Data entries
§

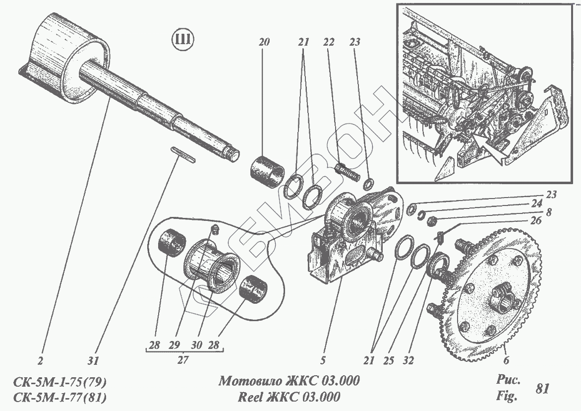 Графический каталог запасных частей к технике: РСМ CK-5М-1 «Нива». Мотовило ЖКС 03.000
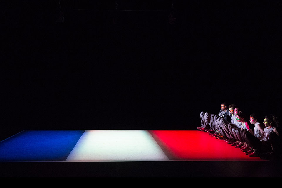 Au sol, un drapeau français : Bleu, blanc, rouge – liberté, égalité, fraternité – symbole du vivre ensemble. Les danseurs, qui forment à eux seuls
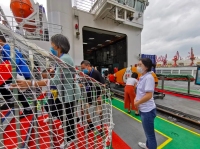大家一起把小旗子都先准备、安装好,让观众能拿到小国旗后开开心心地与三艘船合影
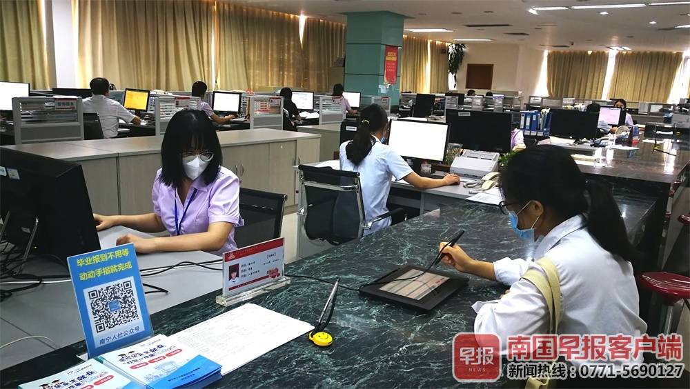 ▲8月7日,今年毕业的银同学到南宁市人才市场办理毕业报到、求职登记等事项,所办事项“打包”一站办结。南国早报记者 刘冬莲摄
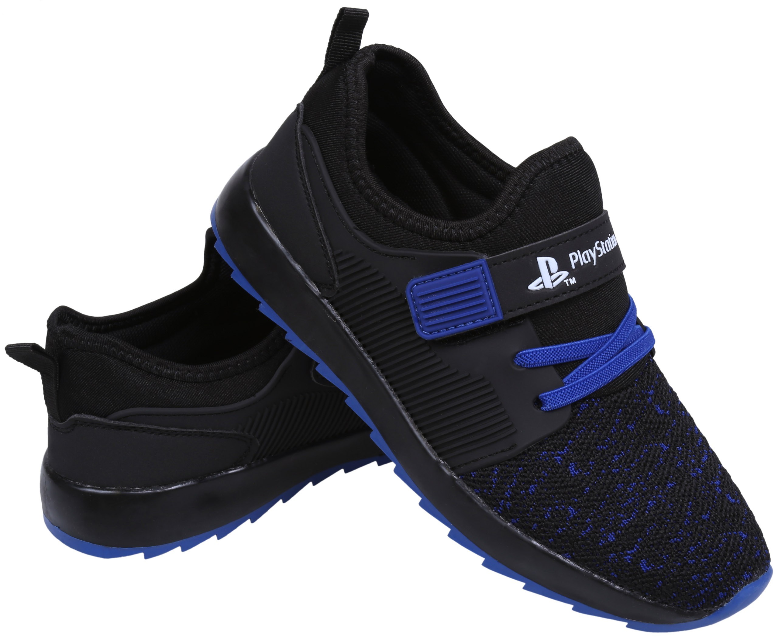 Czarne, chłopięce buty sportowe z motywem konsoli do gier Playstation.
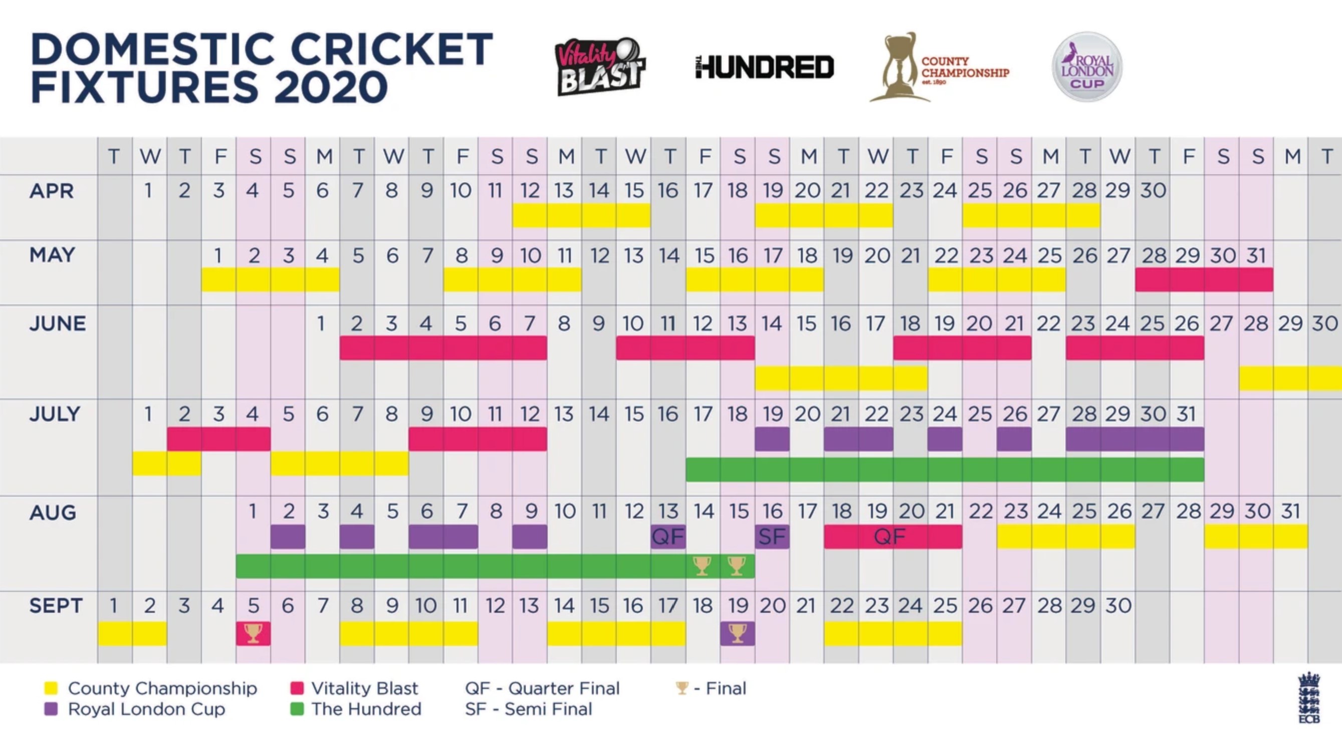 Fixtures for the County Championship, Royal London Cup, The Hundred and Vitality Blast have been announced
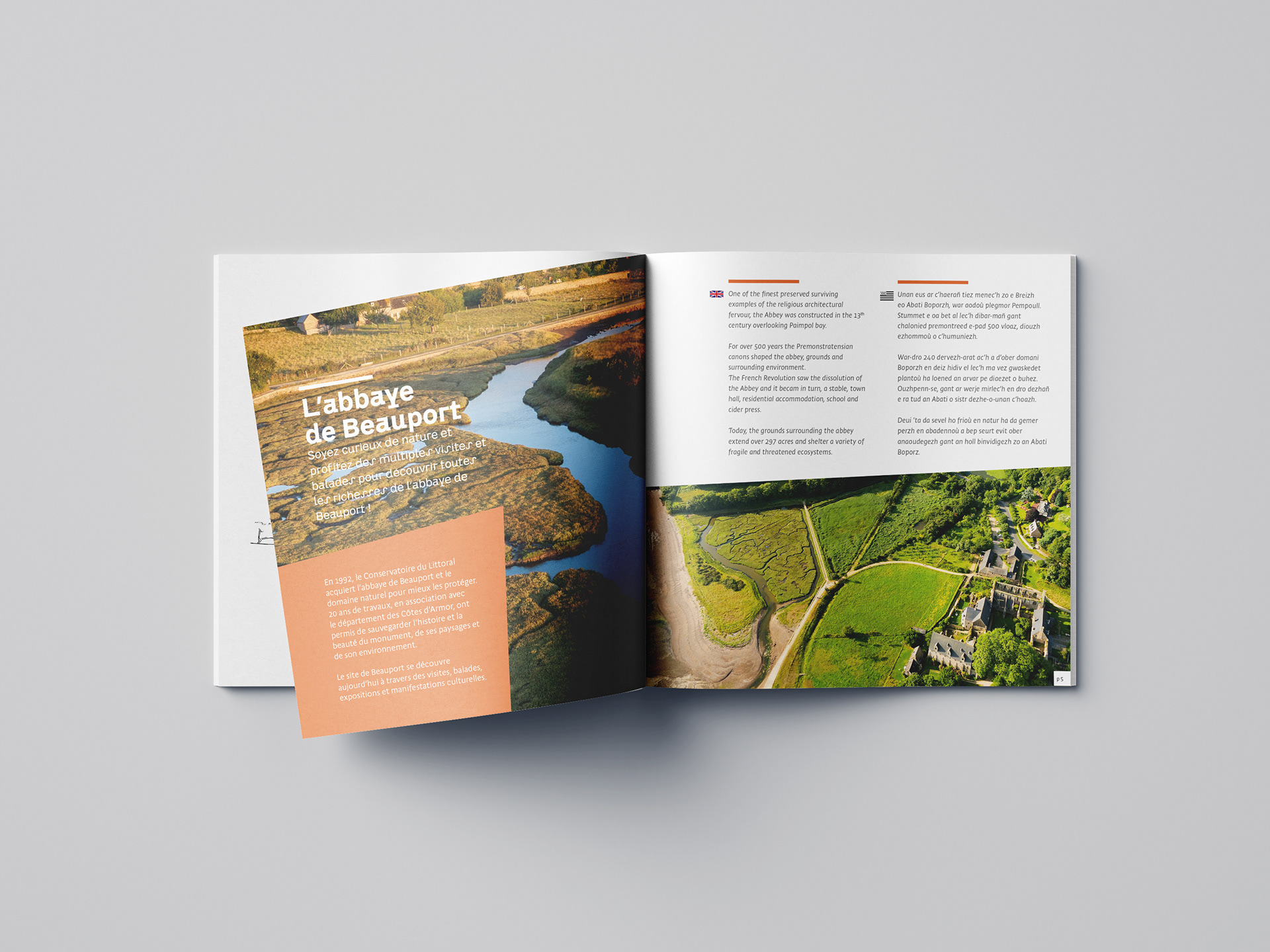 Communication des supports de communication pour l'Abbaye de Beauport à Paimpol : identité graphique, brochure de présentation, communication des événements BAM!, Les Escales de nuit, Noël à Beauport, etc.
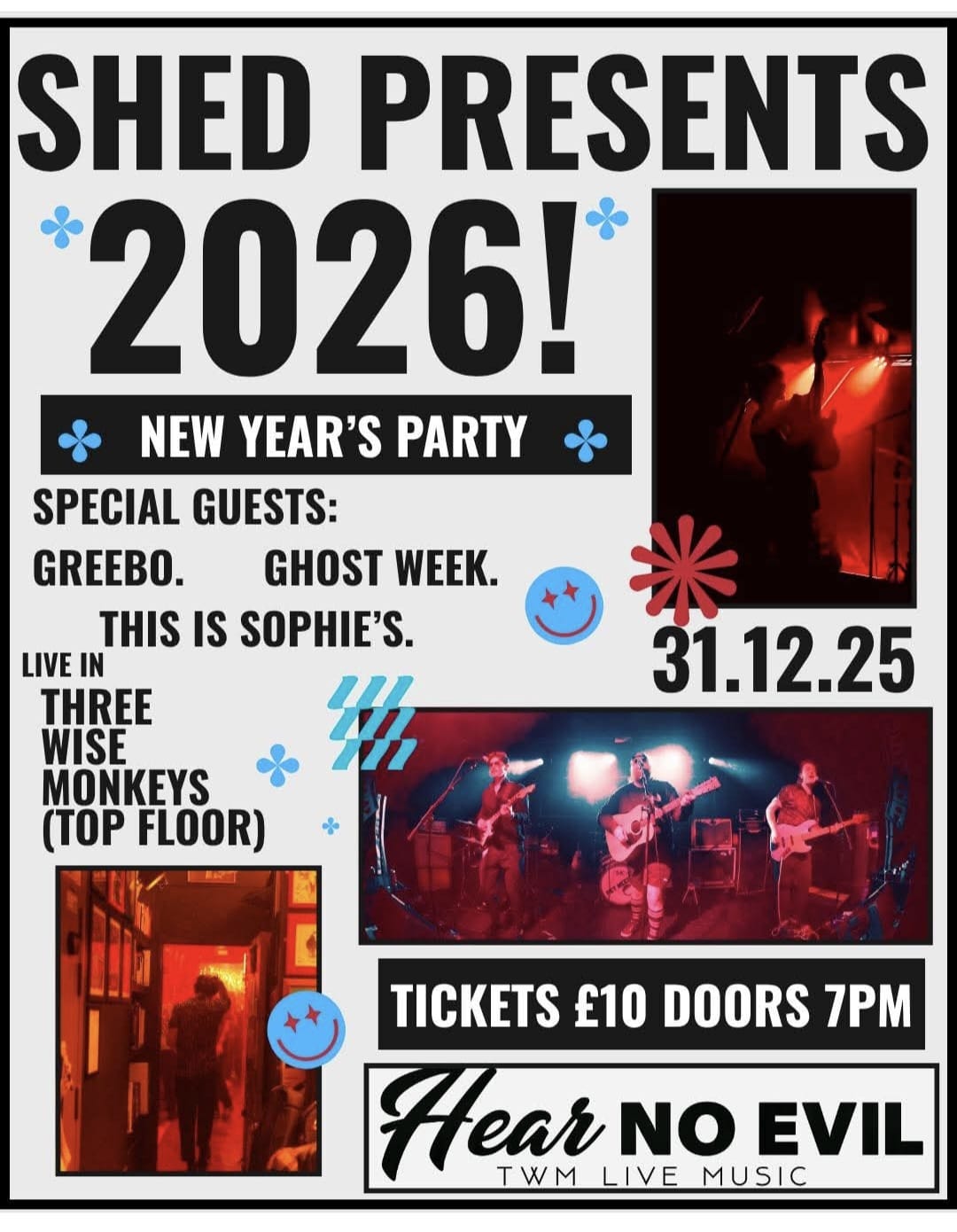 TWM Live Music presents Shed Presents 2026! A special New Year’s Eve party at Three Wise Monkeys, Colchester. Ring in the new year with an incredible night of live music, great vibes, and celebration as we welcome 2026 in style.
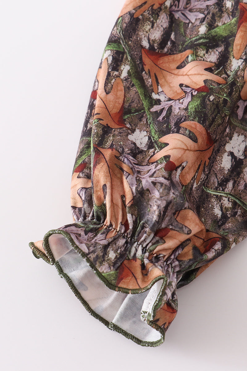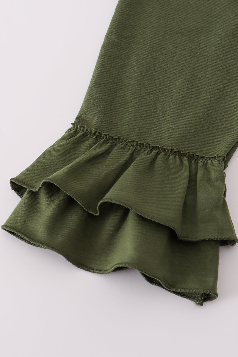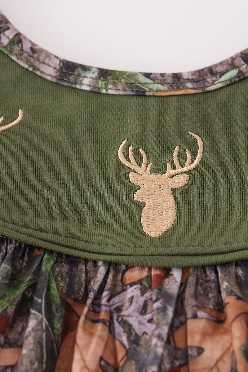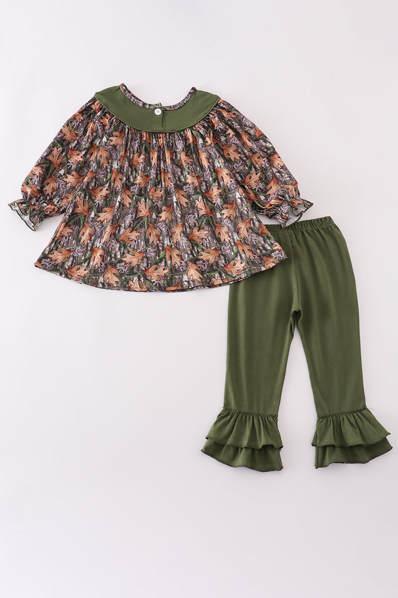 Forest hunting deer embroidery ruffle pants set - 7 Years is backordered and will ship as soon as it is back in stock.

§

Task prompt:
Write out, word for word, the lines running from the one containing "Czarne, chłopięce buty" to the end of the data above; the pictures are to be left out.

Response:
 Czarne, chłopięce buty sportowe z motywem konsoli do gier Playstation.
 Fixtures for the County Championship, Royal London Cup, The Hundred and Vitality Blast have been announced
 Communication des supports de communication pour l'Abbaye de Beauport à Paimpol : identité graphique, brochure de présentation, communication des événements BAM!, Les Escales de nuit, Noël à Beauport, etc.
 TWM Live Music presents Shed Presents 2026! A special New Year’s Eve party at Three Wise Monkeys, Colchester. Ring in the new year with an incredible night of live music, great vibes, and celebration as we welcome 2026 in style.
 Forest hunting deer embroidery ruffle pants set - 7 Years is backordered and will ship as soon as it is back in stock.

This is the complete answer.